Em primeira instância, a 1ª Vara Federal de Apucarana (PR) deu ganho de causa ao servidor. Segundo a decisão, a situação assemelha-se a uma rescisão de contrato, portanto, seria injusto manter o valor bloqueado. Os autos chegaram ao tribunal para reexame.

Na 3ª Turma, o relator do caso, desembargador federal Fernando Quadros da Silva, manteve o entendimento. “A alteração de regime jurídico equivaleria à situação de extinção do contrato de trabalho, prevista no inciso I do referido dispositivo legal, merecendo, portanto, o mesmo tratamento jurídico. Aplicável, assim, a Súmula 178/TFR: ‘Resolvido o contrato de trabalho com a transferência do servidor do regime da CLT para o estatutário, em decorrência de lei, assiste-lhe o direito de movimentar a conta do FGTS”.

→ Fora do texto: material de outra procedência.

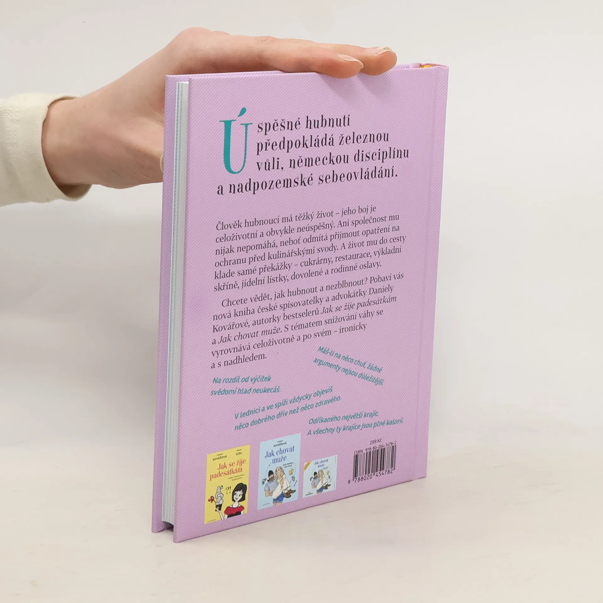 Člověk hubnoucí má těžký život – jeho boj je celoživotní a obvykle neúspěšný. Ani společnost mu nijak nepomáhá, neboť odmítá přijmout opatření na ochranu před kulinářskými svody. A život mu do cesty klade samé překážky – cukrárny, restaurace, výkladní skříně, jídelní lístky, dovolené a rodinné oslavy. Chcete vědět, jak hubnout a nezblbnout? Pobaví vás nová kniha české spisovatelky a advokátky Daniely Kovářové, autorky bestselerů Jak se žije padesátkám a Jak chovat muže. S tématem snižování váhy se vyrovnává po svém – ironicky a s nadhledem.
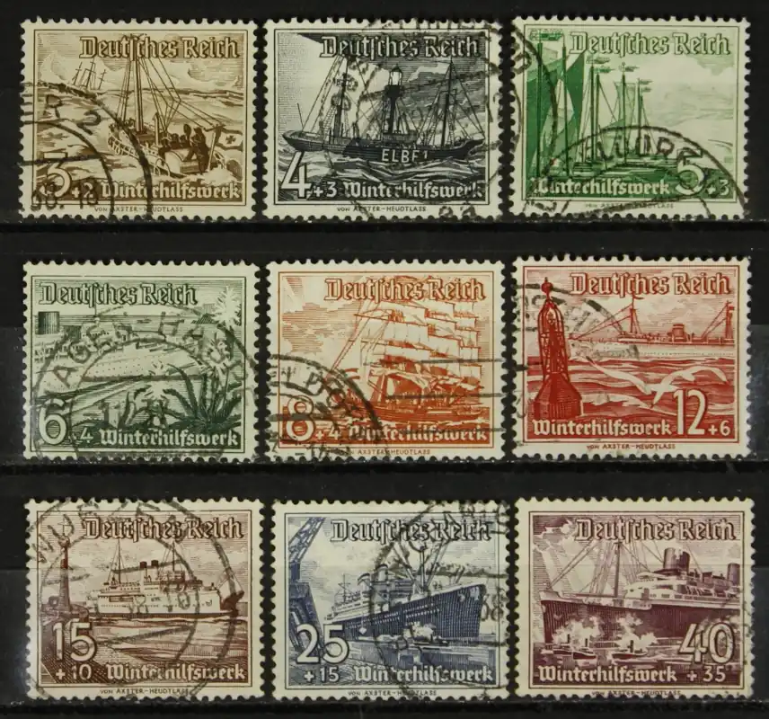 Deutsches Reich 1937, Michel 651-659, Winterhulp: Schepen, complete serie, gestempeld / used

Processo: 5001480-48.2016.4.04.7006/TRF

Fonte: Tribunal Regional Federal da 4ª Região (TRF4)

Ementa:

ADMINISTRATIVO. MANDADO DE SEGURANÇA. LEVANTAMENTO DE VALORES DEPOSITADOS NA CONTA VINCULADA DO FGTS. MUDANÇA DE REGIME DE TRABALHO. POSSIBILIDADE. 1. O STJ pacificou o entendimento no sentido de ser possível o levantamento do saldo da conta vinculada do FGTS na hipótese de alteração, em decorrência de lei, do regime jurídico celetista para estatutário, sem que isso implique ofensa ao art. 20 da Lei 8.036/1990. 2. A alteração de regime jurídico equivaleria à situação de extinção do contrato de trabalho, prevista no inciso I do referido dispositivo legal, merecendo, portanto, o mesmo tratamento jurídico. Aplicável, assim, a Súmula 178/TFR: ‘Resolvido o contrato de trabalho com a transferência do servidor do regime da CLT para o estatutário, em decorrência de lei, assiste-lhe o direito de movimentar a conta vinculação do FGTS’. (TRF4 – REMESSA NECESSÁRIA CÍVEL Nº 5001480-48.2016.4.04.7006/PR, RELATOR: FERNANDO QUADROS DA SILVA, PARTE AUTORA: RONALDO ADRIANO DERBLI, ADVOGADO: MATHEUS SEGA FILHO, PARTE RÉ : CAIXA ECONÔMICA FEDERAL – CEF; MPF : MINISTÉRIO PÚBLICO FEDERAL, Data do Julgamento: 11 de outubro de 2016).